Tours

Tours Métropole s’empare de la gestion de l’eau

Et des citoyens l’encouragent à ne pas confier le dossier au privé.

Avec la transformation de Tour(s)Plus en Communauté Urbaine puis en Métropole, l’agglomération a récupéré la compétence pour la gestion de l’eau dans ses 22 communes. C’est un sujet important, l’eau. On en a besoin au quotidien pour la cuisine, pour se laver, pour boire… C’est un bien précieux, aussi, à manier avec précaution surtout en ces temps où les sécheresses se multiplient et où il est bon de faire des économies. C’est donc un sujet politique important.

Désormais, c’est donc du côté des Deux-Lions de Tours que l’on pilote tout ça. Enfin, pour l’instant il s’agit surtout de reprendre la gestion des réseaux des 22 communes qui n’avaient pas toutes la même façon de fonctionner. Par exemple, certaines avaient choisi de s’en occuper directement via une régie publique (Tours, St Avertin…) alors que d’autres avaient opté pour le privé (Joué, Chambray…). A terme, dans plusieurs années, il faudra sans doute faire un seul choix pour tout le monde : public ou privé. On n’y est pas encore mais du côté des citoyens qui suivent le dossier de près, on a déjà entamé le lobbying…

Un grand service de l’eau métropolitain ?

Depuis un bon moment, à Joué-lès-Tours, un collectif se mobilise régulièrement pour réclamer le retour d’une gestion de l’eau potable en régie publique. Raté : sous Frédéric Augis le contrat avec Véolia a été renouvelé. Ce lundi soir, la métropole a aussi choisi de prolonger la délégation de service public de Véolia pour Chambray… De mauvais signaux pour l’association Eau Touraine engagée à Joué et qui s’est rassemblée à l’entrée de la salle avant le début de la réunion. « L’eau est un bien commun et il nous appartient de prendre cette compétence avec cet état d’esprit. Une gestion publique permet de sortir de la main des financiers » lit-on dans une lettre ouverte distribuée sur place.
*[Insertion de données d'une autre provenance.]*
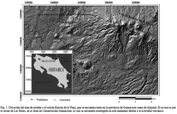 El volcán Rincón de la Vieja es el único volcán históricamente activo de la cordillera de Guanacaste (1700 al 2020), con el edificio eruptivo volumétricamente más grande de (300 km2; 118 km3), el cual posee 9 cráteres en su cima, uno de ellos con actividad eruptiva histórica y prehistórica con un lago hiperácido en su interior (Tassi et al., 2005; Alvarado, 2009). En la ladera sur de este volcán afloran depósitos volcánicos primarios relacionados con el volcán Rincón de la Vieja (suelos de cenizas, caída piroclástica, corrientes de densidad piroclástica diluida), no todos ellos debidamente datados (Fig. 1). En este trabajo se aportan nuevas edades de los principales depósitos muestreados, afinando la cronoestratigrafía previamente propuesta (p. ej., Kempter, 1997; Kempter, Benner, y Williams, 1996; Soto, Alvarado, Goold y Climent, 2003a; Soto, Alvarado y Goold, 2003b) y aportando los posibles periodos de ocurrencia en función del índice de explosividad volcánica. Además, se redefinió la edad de la capa Río Blanco, la cual posee una edad significativamente más reciente que aquella establecida en la literatura e, incluso, dicho lapso se ha tomado como base para los estudios de peligro volcánico. La capa Río Blanco (Kempter et al., 1996), llamada también Tefra Quebrada Grande (Melson, 1988), constituye uno de los eventos explosivos más relevantes durante el Holoceno en la cordillera de Guanacaste, por lo que su cronología es fundamental, no solo para la historia del volcán, sino para la evaluación del peligro volcánico. También, se estableció su correlación temporal con las corrientes de densidad piroclástica presentes en el flanco norte del Rincón de la Vieja.
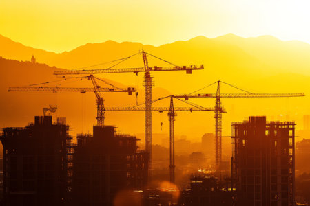 Cranes rise high over an active construction site at sunset, with city buildings and silhouettes in the background, showing urban development efforts.

Ce n’est pas tout… Selon les bénévoles militants, le choix chambraisien était un peu biaisé car le cabinet IRH chargé de mener l’étude sur la gestion de l’eau de la commune aurait tendance à plaider systématiquement pour le choix d’une délégation de service public, donc d’une entreprise privée à qui l’on confie la distribution de l’eau aux habitants. Ça a d’ailleurs été le cas pour la ville de Christian Gatard.

5 associations citoyennes pour débattre avec les élus

Mais Eau Touraine ne désarme pas et envisage de continuer à plaider partout où elle pourra pour la création d’un grand service de l’eau métropolitain à Tours et dans son agglomération. Elle a indirectement gagné une première bataille lundi soir… Une délibération portait sur la création d’un organe métropolitain chargé de superviser la politique de l’eau. Une instance prévue pour rassembler 14 élus et 3 associations (La Confédération Nationale du Logement, l’UFC Que Choisir et la CLCV). Mais la gauche espérait plus et demandait la création de deux sièges en plus pour des citoyens, dont un pour Eau Touraine.

Le débat a été tendu, le président Philippe Briand n’était pas vraiment motivé par l’idée… Les autres élus majoritairement de la droite et du centre s’apprêtaient tous à voter contre l’amendement… Et finalement, au dernier moment, le président a changé d’avis et toute l’Assemblée avec lui. Eau Touraine devrait donc pouvoir participer aux discussions au plus près des élus. De là à les convaincre, c’est une autre histoire.